◆ Entries taken from a collection:
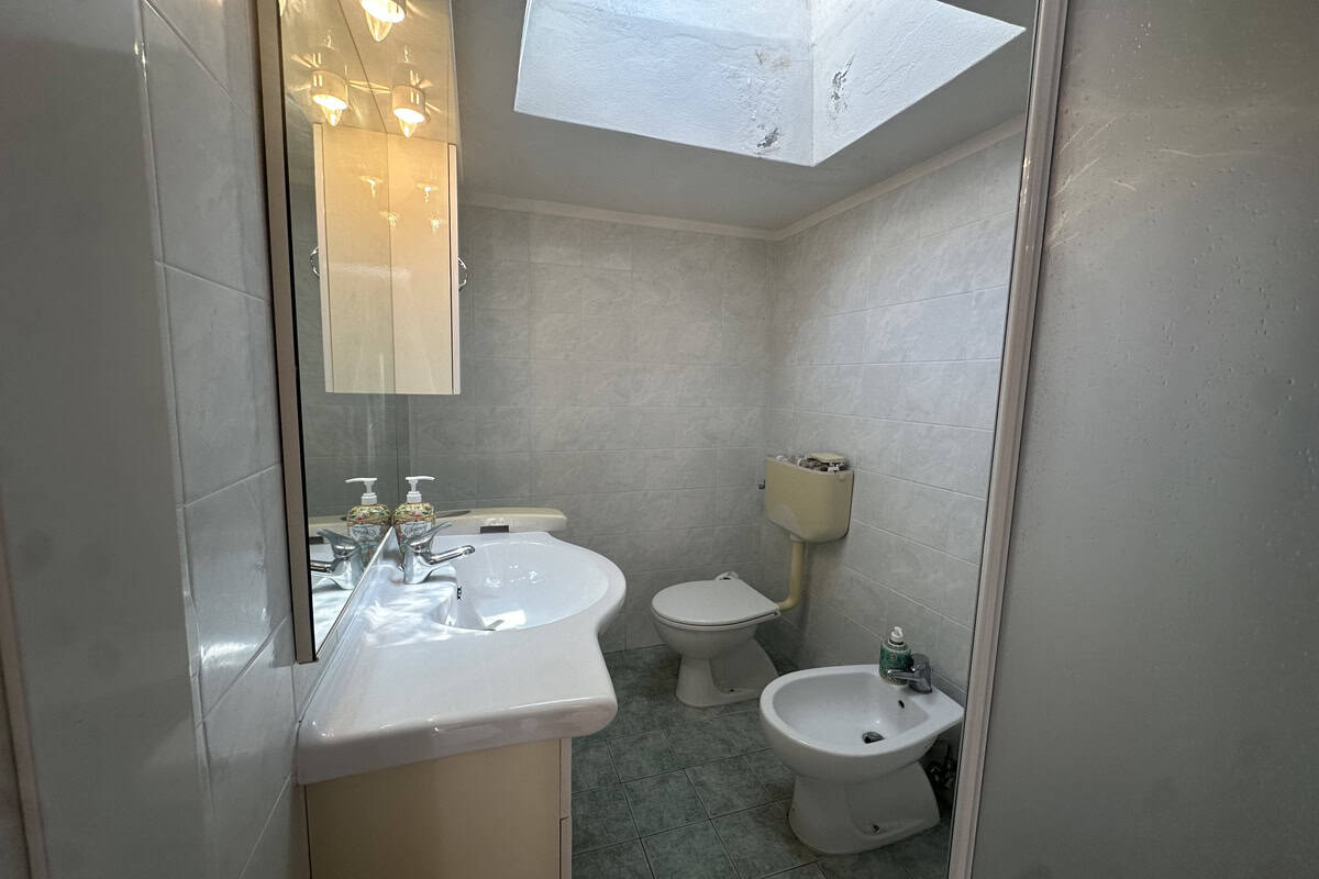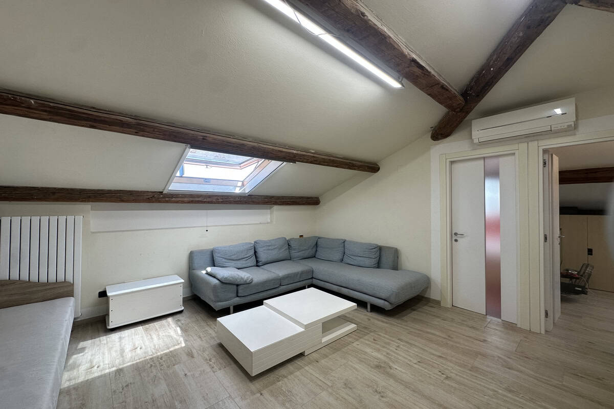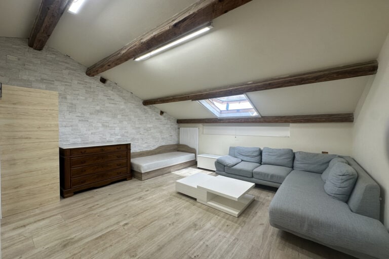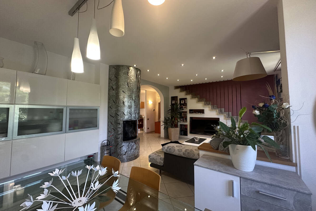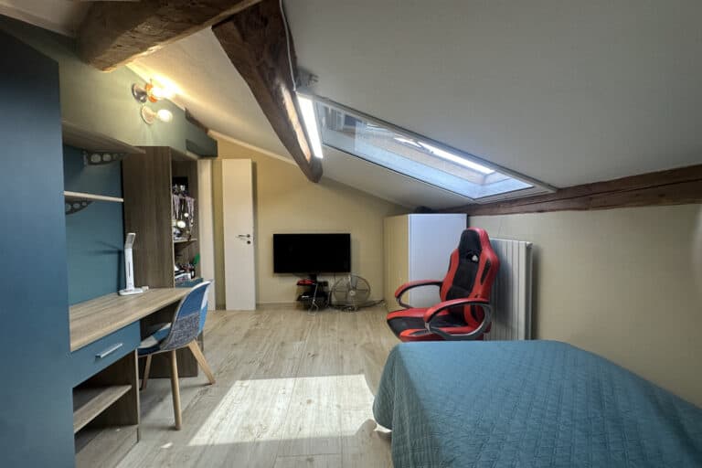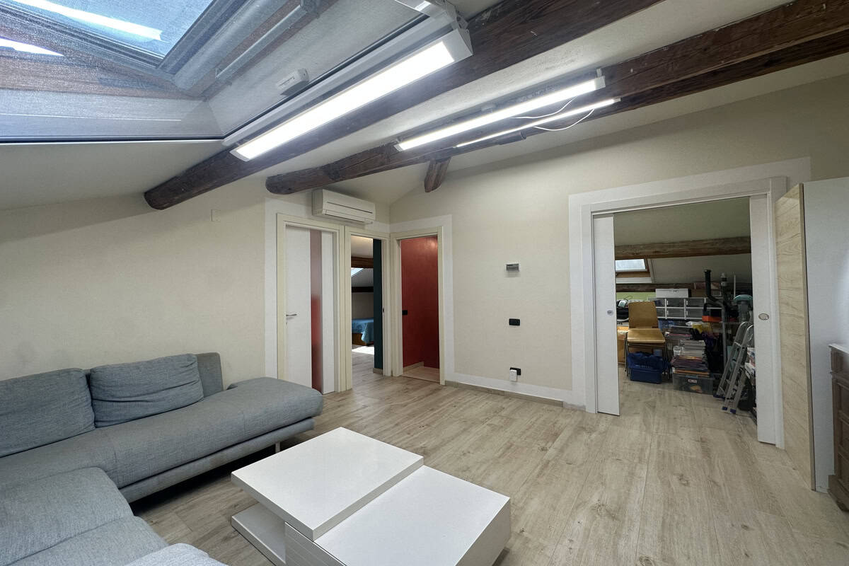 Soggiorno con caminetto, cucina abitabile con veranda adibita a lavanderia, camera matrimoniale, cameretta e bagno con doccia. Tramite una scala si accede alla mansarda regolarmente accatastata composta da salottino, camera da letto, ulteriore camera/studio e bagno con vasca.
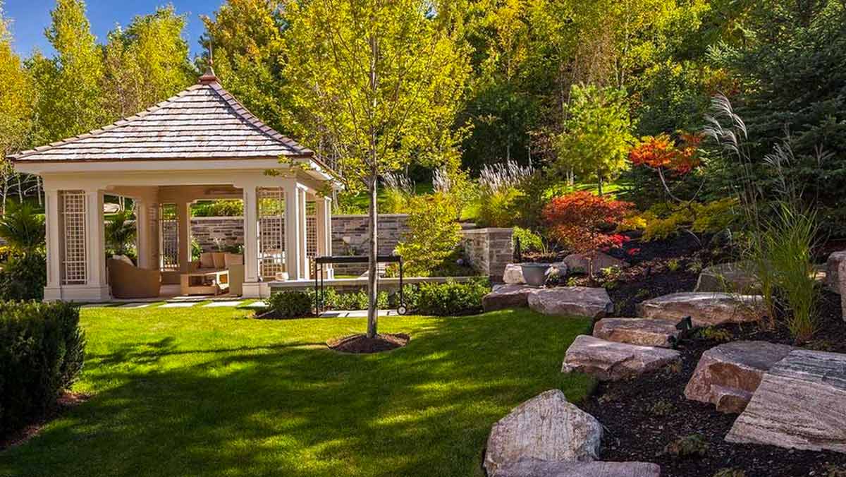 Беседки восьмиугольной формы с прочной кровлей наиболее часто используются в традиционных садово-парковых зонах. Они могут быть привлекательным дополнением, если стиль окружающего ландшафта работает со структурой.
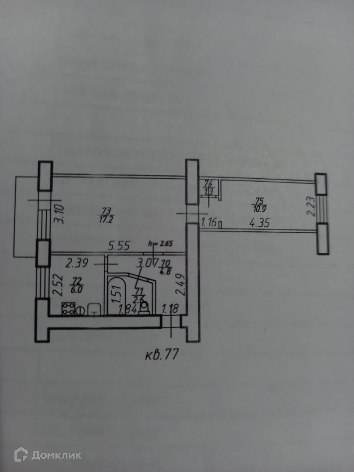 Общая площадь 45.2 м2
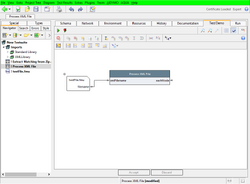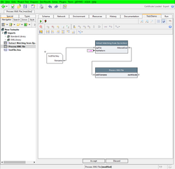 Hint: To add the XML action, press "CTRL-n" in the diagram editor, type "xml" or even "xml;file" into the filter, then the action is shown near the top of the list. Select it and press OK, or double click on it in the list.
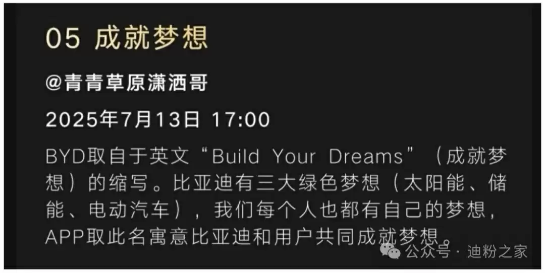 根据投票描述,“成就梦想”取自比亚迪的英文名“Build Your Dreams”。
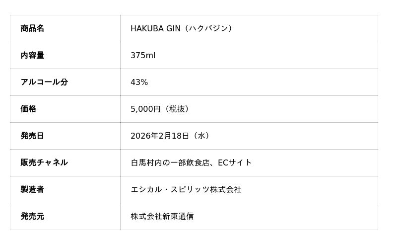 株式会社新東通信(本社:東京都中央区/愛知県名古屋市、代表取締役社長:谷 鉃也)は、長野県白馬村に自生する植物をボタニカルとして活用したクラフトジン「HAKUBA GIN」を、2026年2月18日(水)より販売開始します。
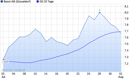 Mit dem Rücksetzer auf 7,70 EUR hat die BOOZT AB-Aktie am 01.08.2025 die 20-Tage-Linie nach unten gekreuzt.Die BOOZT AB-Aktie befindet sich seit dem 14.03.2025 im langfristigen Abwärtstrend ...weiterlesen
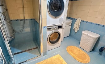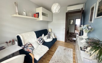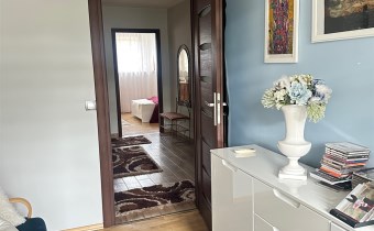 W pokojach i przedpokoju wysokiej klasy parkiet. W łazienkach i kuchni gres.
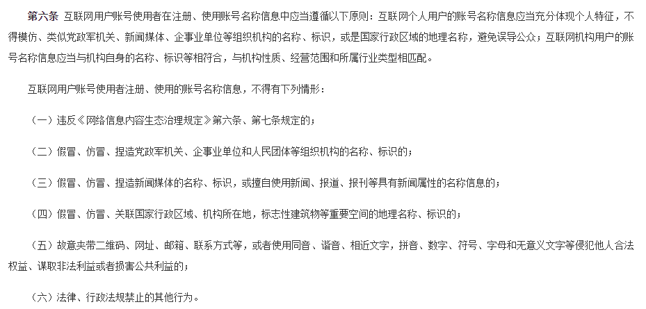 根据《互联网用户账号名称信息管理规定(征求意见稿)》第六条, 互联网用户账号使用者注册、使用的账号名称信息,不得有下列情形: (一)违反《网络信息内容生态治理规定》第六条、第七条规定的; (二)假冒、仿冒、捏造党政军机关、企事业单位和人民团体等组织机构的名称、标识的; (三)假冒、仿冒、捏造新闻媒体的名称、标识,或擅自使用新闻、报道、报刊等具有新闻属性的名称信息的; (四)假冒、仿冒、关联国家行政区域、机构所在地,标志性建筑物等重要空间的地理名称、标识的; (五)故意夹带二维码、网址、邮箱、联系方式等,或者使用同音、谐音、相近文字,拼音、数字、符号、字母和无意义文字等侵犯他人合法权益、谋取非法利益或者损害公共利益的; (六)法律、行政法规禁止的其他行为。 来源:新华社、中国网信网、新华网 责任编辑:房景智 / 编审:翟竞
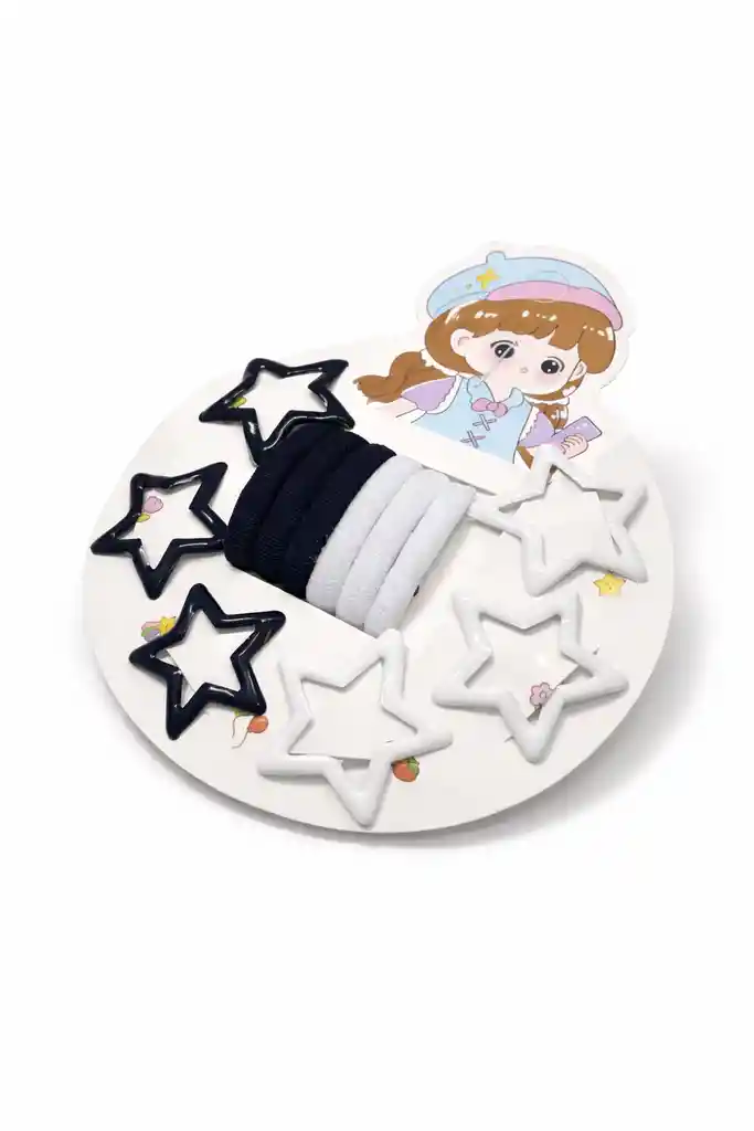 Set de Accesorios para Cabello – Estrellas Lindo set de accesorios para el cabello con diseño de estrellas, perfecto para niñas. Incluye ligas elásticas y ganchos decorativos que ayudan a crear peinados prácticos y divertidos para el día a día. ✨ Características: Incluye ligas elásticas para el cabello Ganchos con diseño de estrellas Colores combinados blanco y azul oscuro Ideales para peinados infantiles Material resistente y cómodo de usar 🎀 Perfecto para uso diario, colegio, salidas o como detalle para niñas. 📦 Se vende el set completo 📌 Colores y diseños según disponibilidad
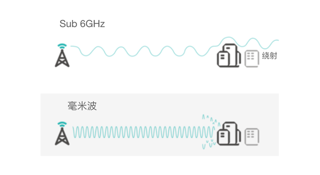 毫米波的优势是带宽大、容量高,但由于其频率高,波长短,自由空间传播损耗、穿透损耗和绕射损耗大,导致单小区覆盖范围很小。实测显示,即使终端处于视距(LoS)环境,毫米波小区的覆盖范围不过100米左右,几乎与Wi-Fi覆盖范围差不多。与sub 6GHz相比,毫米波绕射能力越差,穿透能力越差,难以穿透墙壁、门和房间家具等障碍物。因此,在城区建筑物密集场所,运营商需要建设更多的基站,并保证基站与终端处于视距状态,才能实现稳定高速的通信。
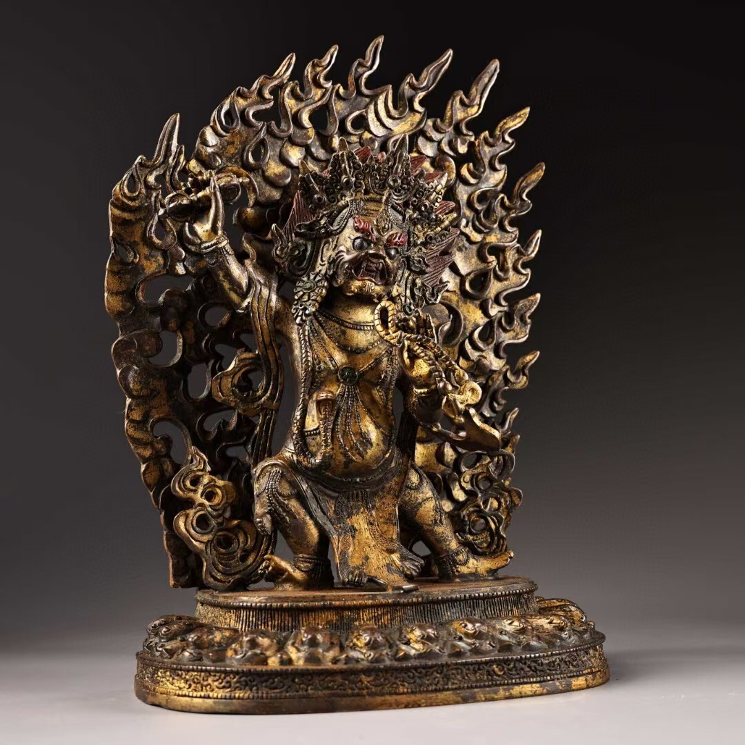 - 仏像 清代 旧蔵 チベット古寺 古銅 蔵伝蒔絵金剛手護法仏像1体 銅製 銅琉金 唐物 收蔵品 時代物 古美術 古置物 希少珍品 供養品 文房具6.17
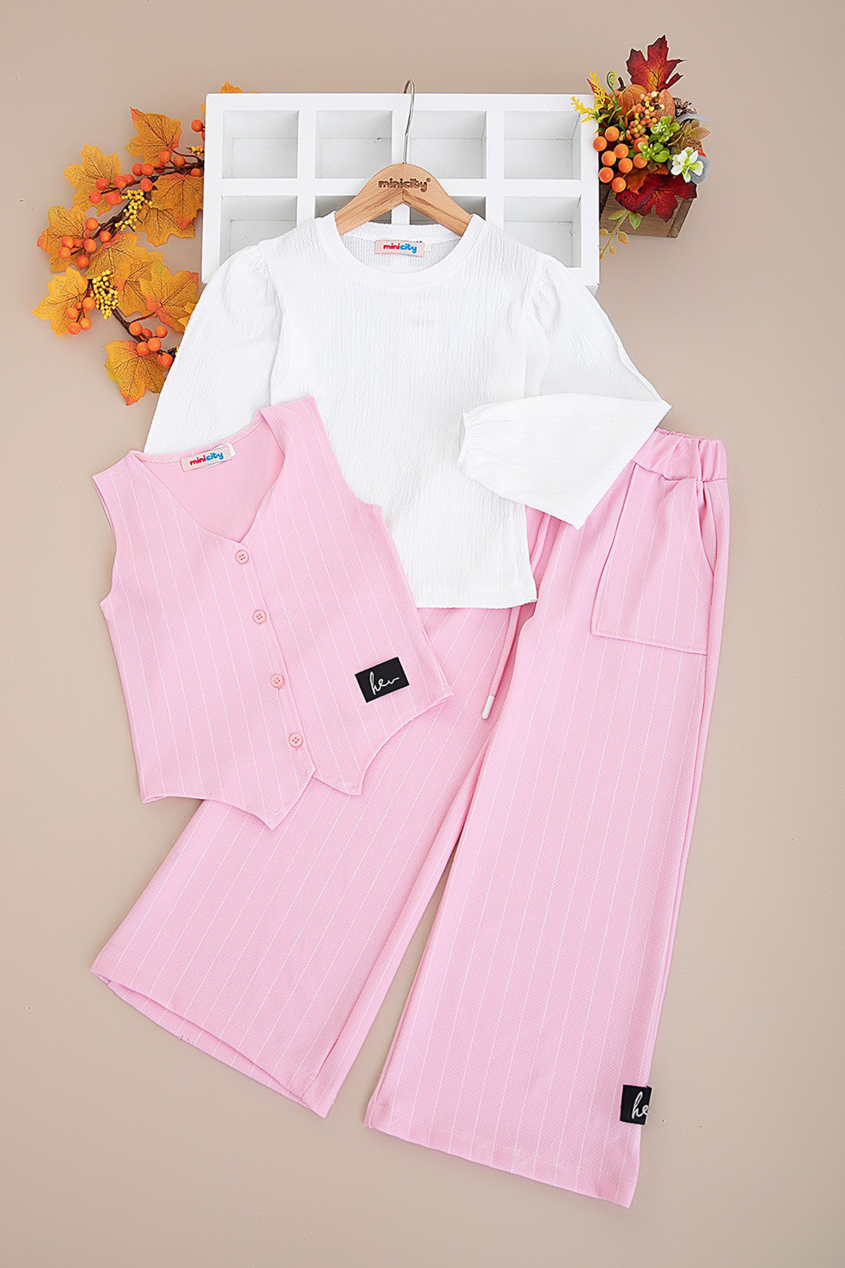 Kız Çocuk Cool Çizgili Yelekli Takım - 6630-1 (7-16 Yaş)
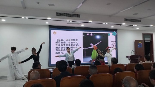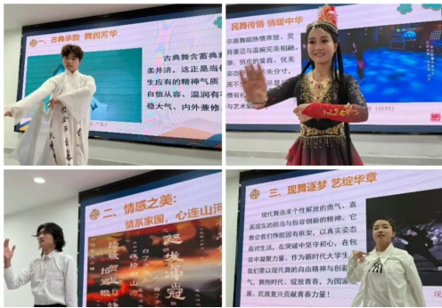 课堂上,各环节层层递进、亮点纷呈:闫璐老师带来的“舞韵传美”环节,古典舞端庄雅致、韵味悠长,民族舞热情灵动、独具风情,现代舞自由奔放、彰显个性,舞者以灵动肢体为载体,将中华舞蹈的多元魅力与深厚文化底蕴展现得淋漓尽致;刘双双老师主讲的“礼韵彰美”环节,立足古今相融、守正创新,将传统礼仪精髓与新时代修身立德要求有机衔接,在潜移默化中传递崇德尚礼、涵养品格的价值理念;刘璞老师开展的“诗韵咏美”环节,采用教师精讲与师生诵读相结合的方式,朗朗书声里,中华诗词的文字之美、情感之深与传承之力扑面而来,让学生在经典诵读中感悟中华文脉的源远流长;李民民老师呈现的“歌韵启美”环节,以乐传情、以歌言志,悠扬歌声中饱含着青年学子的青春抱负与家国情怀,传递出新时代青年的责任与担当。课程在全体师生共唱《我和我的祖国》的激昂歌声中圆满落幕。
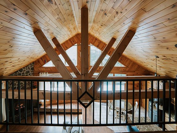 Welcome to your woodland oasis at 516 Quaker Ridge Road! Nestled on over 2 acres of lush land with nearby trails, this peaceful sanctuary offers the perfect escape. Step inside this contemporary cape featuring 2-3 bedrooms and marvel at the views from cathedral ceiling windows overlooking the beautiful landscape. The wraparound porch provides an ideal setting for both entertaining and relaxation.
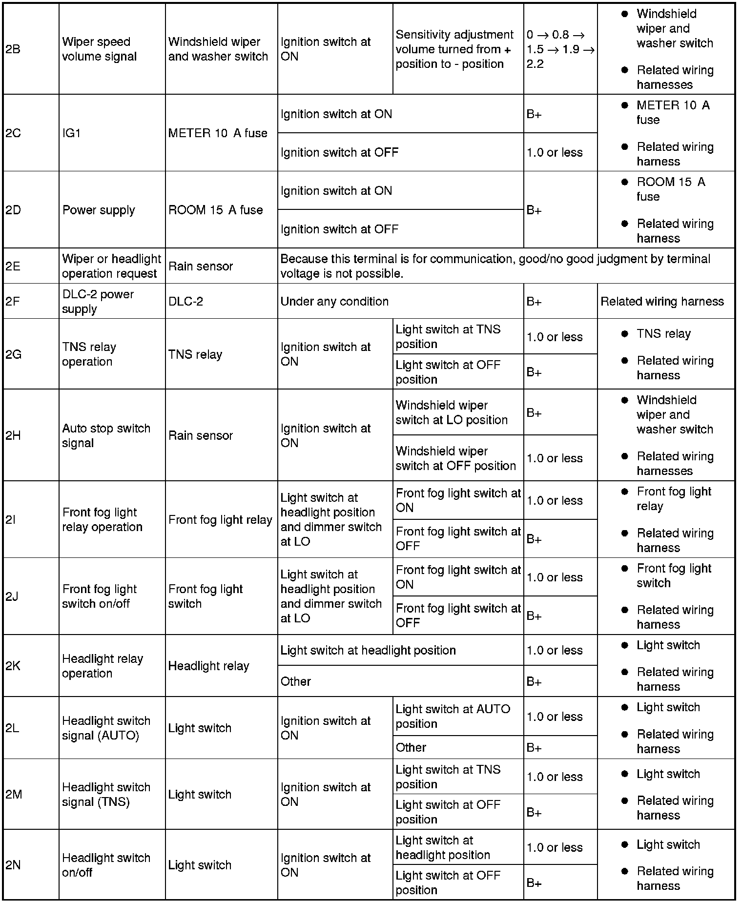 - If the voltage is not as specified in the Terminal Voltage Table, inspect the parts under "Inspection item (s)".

◆ Instructions for the task: Give the data again word for word, without pictures.

◆ Exercise response:
 Soggiorno con caminetto, cucina abitabile con veranda adibita a lavanderia, camera matrimoniale, cameretta e bagno con doccia. Tramite una scala si accede alla mansarda regolarmente accatastata composta da salottino, camera da letto, ulteriore camera/studio e bagno con vasca.
 Беседки восьмиугольной формы с прочной кровлей наиболее часто используются в традиционных садово-парковых зонах. Они могут быть привлекательным дополнением, если стиль окружающего ландшафта работает со структурой.
 Общая площадь 45.2 м2
 Hint: To add the XML action, press "CTRL-n" in the diagram editor, type "xml" or even "xml;file" into the filter, then the action is shown near the top of the list. Select it and press OK, or double click on it in the list.
 根据投票描述,“成就梦想”取自比亚迪的英文名“Build Your Dreams”。
 株式会社新東通信(本社:東京都中央区/愛知県名古屋市、代表取締役社長:谷 鉃也)は、長野県白馬村に自生する植物をボタニカルとして活用したクラフトジン「HAKUBA GIN」を、2026年2月18日(水)より販売開始します。
 Mit dem Rücksetzer auf 7,70 EUR hat die BOOZT AB-Aktie am 01.08.2025 die 20-Tage-Linie nach unten gekreuzt.Die BOOZT AB-Aktie befindet sich seit dem 14.03.2025 im langfristigen Abwärtstrend ...weiterlesen
 W pokojach i przedpokoju wysokiej klasy parkiet. W łazienkach i kuchni gres.
 根据《互联网用户账号名称信息管理规定(征求意见稿)》第六条, 互联网用户账号使用者注册、使用的账号名称信息,不得有下列情形: (一)违反《网络信息内容生态治理规定》第六条、第七条规定的; (二)假冒、仿冒、捏造党政军机关、企事业单位和人民团体等组织机构的名称、标识的; (三)假冒、仿冒、捏造新闻媒体的名称、标识,或擅自使用新闻、报道、报刊等具有新闻属性的名称信息的; (四)假冒、仿冒、关联国家行政区域、机构所在地,标志性建筑物等重要空间的地理名称、标识的; (五)故意夹带二维码、网址、邮箱、联系方式等,或者使用同音、谐音、相近文字,拼音、数字、符号、字母和无意义文字等侵犯他人合法权益、谋取非法利益或者损害公共利益的; (六)法律、行政法规禁止的其他行为。 来源:新华社、中国网信网、新华网 责任编辑:房景智 / 编审:翟竞
 Set de Accesorios para Cabello – Estrellas Lindo set de accesorios para el cabello con diseño de estrellas, perfecto para niñas. Incluye ligas elásticas y ganchos decorativos que ayudan a crear peinados prácticos y divertidos para el día a día. ✨ Características: Incluye ligas elásticas para el cabello Ganchos con diseño de estrellas Colores combinados blanco y azul oscuro Ideales para peinados infantiles Material resistente y cómodo de usar 🎀 Perfecto para uso diario, colegio, salidas o como detalle para niñas. 📦 Se vende el set completo 📌 Colores y diseños según disponibilidad
 毫米波的优势是带宽大、容量高,但由于其频率高,波长短,自由空间传播损耗、穿透损耗和绕射损耗大,导致单小区覆盖范围很小。实测显示,即使终端处于视距(LoS)环境,毫米波小区的覆盖范围不过100米左右,几乎与Wi-Fi覆盖范围差不多。与sub 6GHz相比,毫米波绕射能力越差,穿透能力越差,难以穿透墙壁、门和房间家具等障碍物。因此,在城区建筑物密集场所,运营商需要建设更多的基站,并保证基站与终端处于视距状态,才能实现稳定高速的通信。
 - 仏像 清代 旧蔵 チベット古寺 古銅 蔵伝蒔絵金剛手護法仏像1体 銅製 銅琉金 唐物 收蔵品 時代物 古美術 古置物 希少珍品 供養品 文房具6.17
 Kız Çocuk Cool Çizgili Yelekli Takım - 6630-1 (7-16 Yaş)
 课堂上,各环节层层递进、亮点纷呈:闫璐老师带来的“舞韵传美”环节,古典舞端庄雅致、韵味悠长,民族舞热情灵动、独具风情,现代舞自由奔放、彰显个性,舞者以灵动肢体为载体,将中华舞蹈的多元魅力与深厚文化底蕴展现得淋漓尽致;刘双双老师主讲的“礼韵彰美”环节,立足古今相融、守正创新,将传统礼仪精髓与新时代修身立德要求有机衔接,在潜移默化中传递崇德尚礼、涵养品格的价值理念;刘璞老师开展的“诗韵咏美”环节,采用教师精讲与师生诵读相结合的方式,朗朗书声里,中华诗词的文字之美、情感之深与传承之力扑面而来,让学生在经典诵读中感悟中华文脉的源远流长;李民民老师呈现的“歌韵启美”环节,以乐传情、以歌言志,悠扬歌声中饱含着青年学子的青春抱负与家国情怀,传递出新时代青年的责任与担当。课程在全体师生共唱《我和我的祖国》的激昂歌声中圆满落幕。
 Welcome to your woodland oasis at 516 Quaker Ridge Road! Nestled on over 2 acres of lush land with nearby trails, this peaceful sanctuary offers the perfect escape. Step inside this contemporary cape featuring 2-3 bedrooms and marvel at the views from cathedral ceiling windows overlooking the beautiful landscape. The wraparound porch provides an ideal setting for both entertaining and relaxation.
 - If the voltage is not as specified in the Terminal Voltage Table, inspect the parts under "Inspection item (s)".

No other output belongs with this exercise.